Le stesse immagini, pubblicate dai giornali o viste in TV, rimandano all’oggi: non pascoli, muri di cinta e cancelli di case di campagna, a fare da sfondo al corpo coperto da un lenzuolo, ma uno scorcio urbano e gruppi di studenti – abiti, scarpe, taglio di capelli – simili a quelli dei loro coetanei che aspettano il suono della campanella per entrare a scuola in qualsiasi piccolo e medio paese d’Italia.

Ragazzi che hanno affidato messaggi e pensieri per il ragazzo morto – una sorta di moderno attitidu – ai social network, ai nuovi canali dell'informatica e della comunicazione virtuale .

Si stenta a collocare, in questo contesto e tra queste vite così brevi, un odio antico come una cicatrice che non si rimargina, la messa a punto di una feroce resa dei conti, la meditata preparazione di una vendetta classica, di quelle che chiamano sangue.
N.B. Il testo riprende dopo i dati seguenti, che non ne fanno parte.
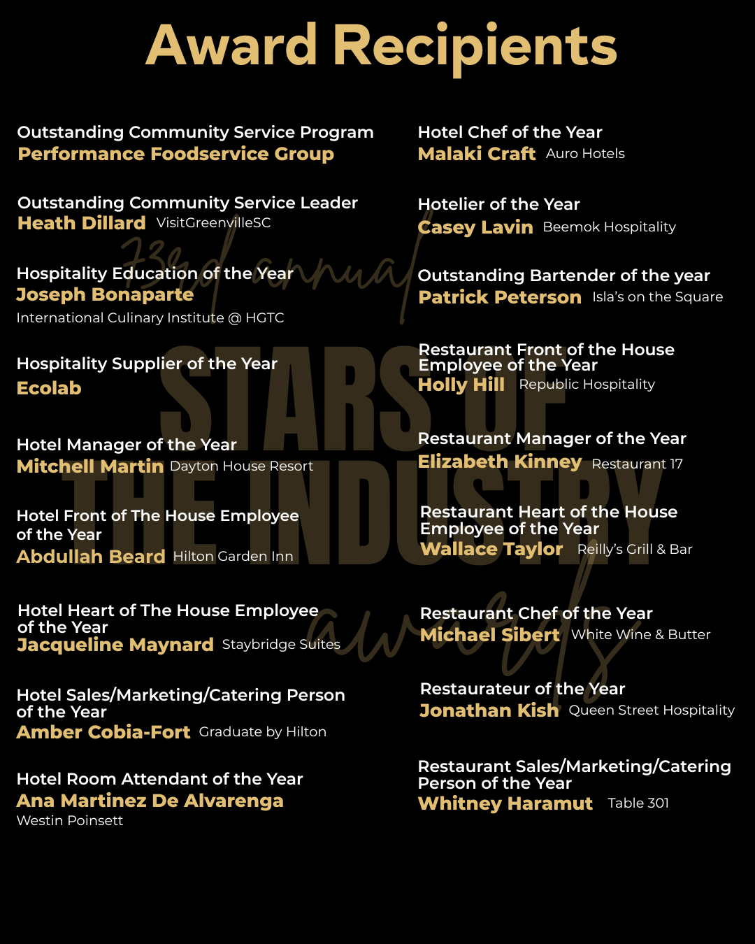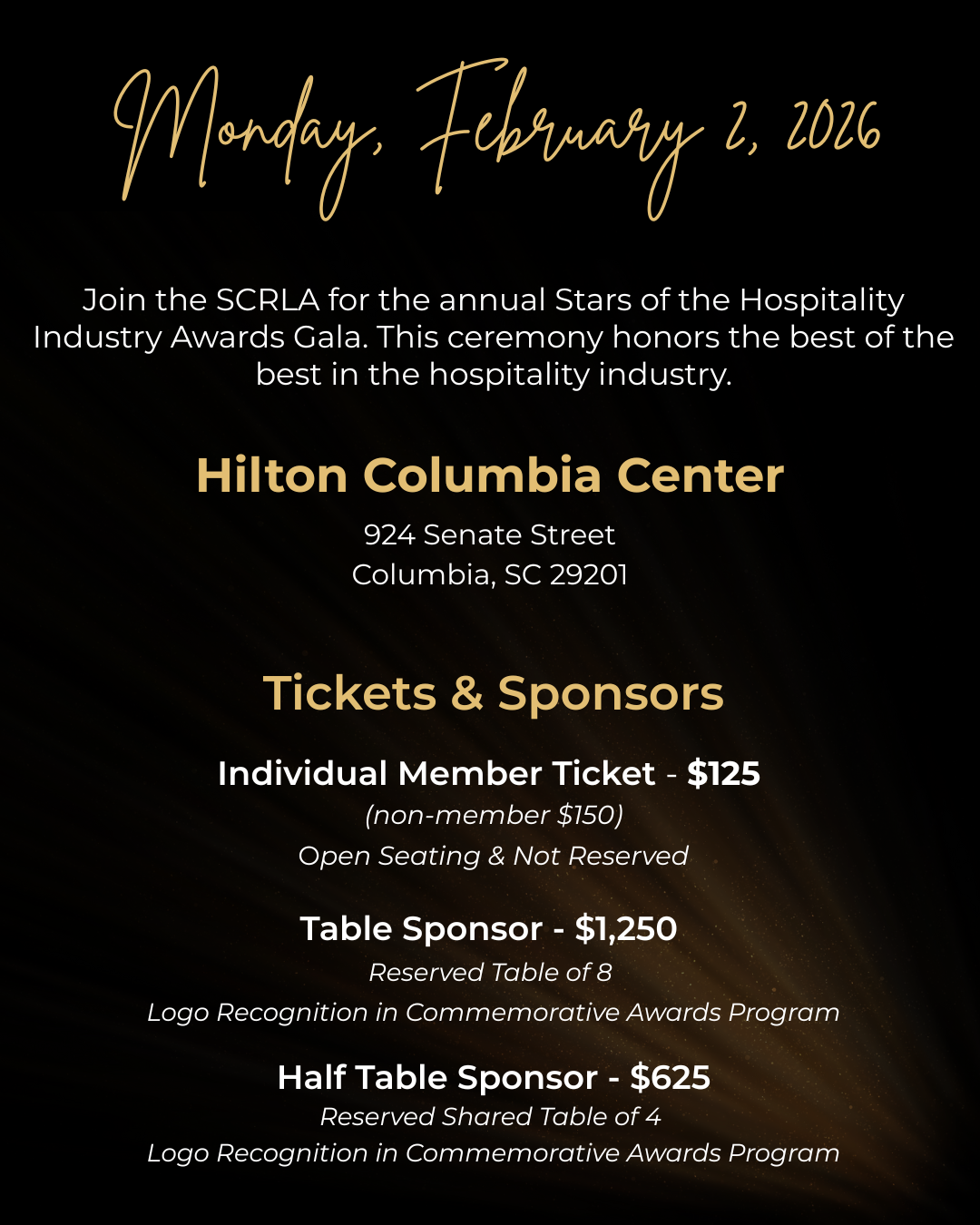 Join hoteliers and restaurateurs from the across the state as we celebrate the spirit of hospitality and honor this year’s award winners.

Ma se si scartano collegamenti del giovane assassinato con la criminalità comune e con faide che hanno lasciato una scia di sangue ad Orune , si fa davvero fatica ad accettare le possibili motivazioni riferite dalle cronache, che cioè all’origine di un fatto di sangue così spaventoso possa esserci una discussione con un gruppo di bulli-balentes che avevano preso di mira la sua ragazza.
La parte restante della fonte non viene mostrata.